Cancers 2019, 11(5), 717; https://doi.org/10.3390/cancers11050717 - 24 May 2019

Cited by 14 | Viewed by 4457

Abstract

The optimal treatment for T3 laryngeal carcinoma (LC) is still a matter of debate. Different therapeutic options are available: Transoral laser microsurgery (TLM), open partial horizontal laryngectomies (OPHLs), total laryngectomy (TL), and organ preservation protocols (radiation therapy (RT) or chemo-radiation (CRT)). This study [...] Read more.

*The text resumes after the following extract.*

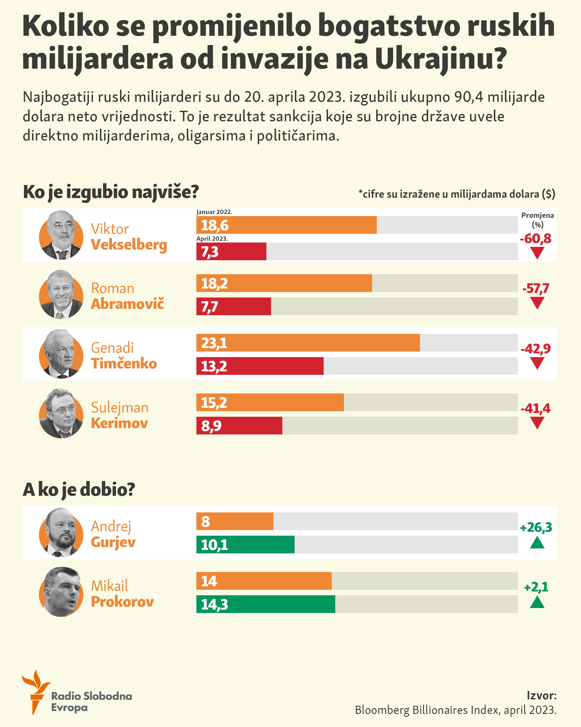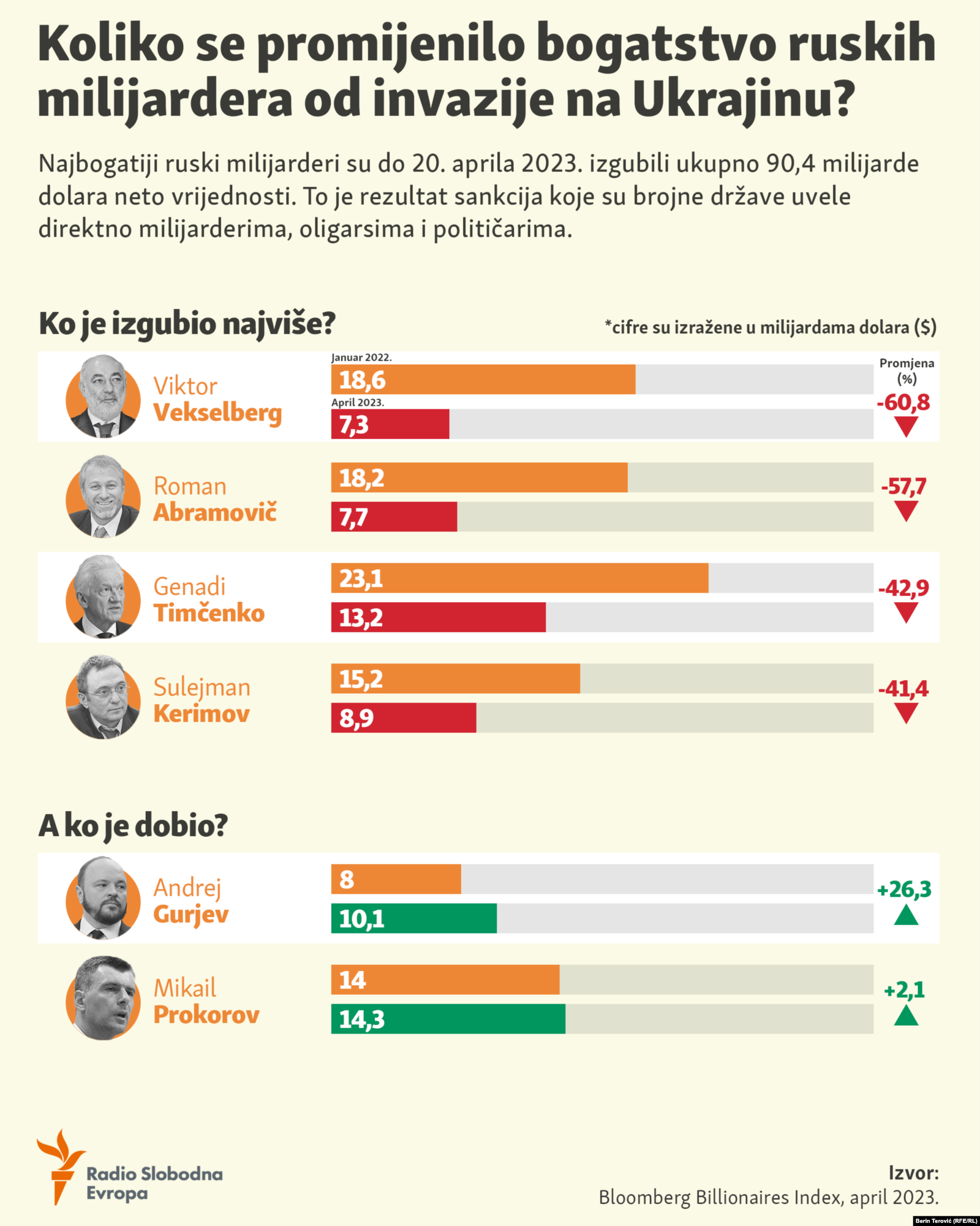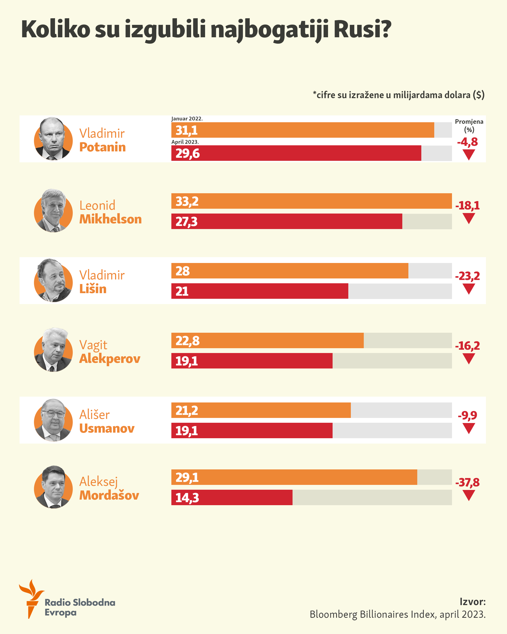 Kako se kapital najbogatijih ruskih milijardera na promijenio od januara 2022. do danas? Ko je najviše izgubio, a ko je zaradio?

The optimal treatment for T3 laryngeal carcinoma (LC) is still a matter of debate. Different therapeutic options are available: Transoral laser microsurgery (TLM), open partial horizontal laryngectomies (OPHLs), total laryngectomy (TL), and organ preservation protocols (radiation therapy (RT) or chemo-radiation (CRT)). This study aimed to retrospectively evaluate oncologic outcomes of 104 T3 LCs treated by surgery or non-surgical approaches from January 2011 to December 2016 at a single academic tertiary referral center. Each case was evaluated by a multidisciplinary team (MDT) devoted to the management of head and neck cancers. We divided the cohort into two subgroups: Group A, surgical treatment (TLM, OPHLs, TL) and Group B, non-surgical treatment (RT, CRT). For the entire cohort, two- and five-year overall survival (OS) rates were 83% and 56%, respectively. The two- and five-year disease-free survival (DFS) rates were 75% and 65%, and disease-specific survival rates were 93% and 70%, respectively. The N category was a significant independent prognosticator for OS (p = 0.02), whereas Group B was significantly and independently associated with DFS (HR 4.10, p = 0.006). Analyzing laryngo-esophageal dysfunction-free survival as an outcome, it was found that this was significantly lower in higher N categories (p = 0.04) and in cases that underwent non-surgical treatments (p = 0.002). Optimization of oncologic outcomes in T3 LCs may be obtained only by a comprehensive MDT approach, considering that different treatment options have heterogenous toxicity profiles and indications. Full article

(This article belongs to the Special Issue Emerging Concepts in Treatment of Laryngeal Cancer)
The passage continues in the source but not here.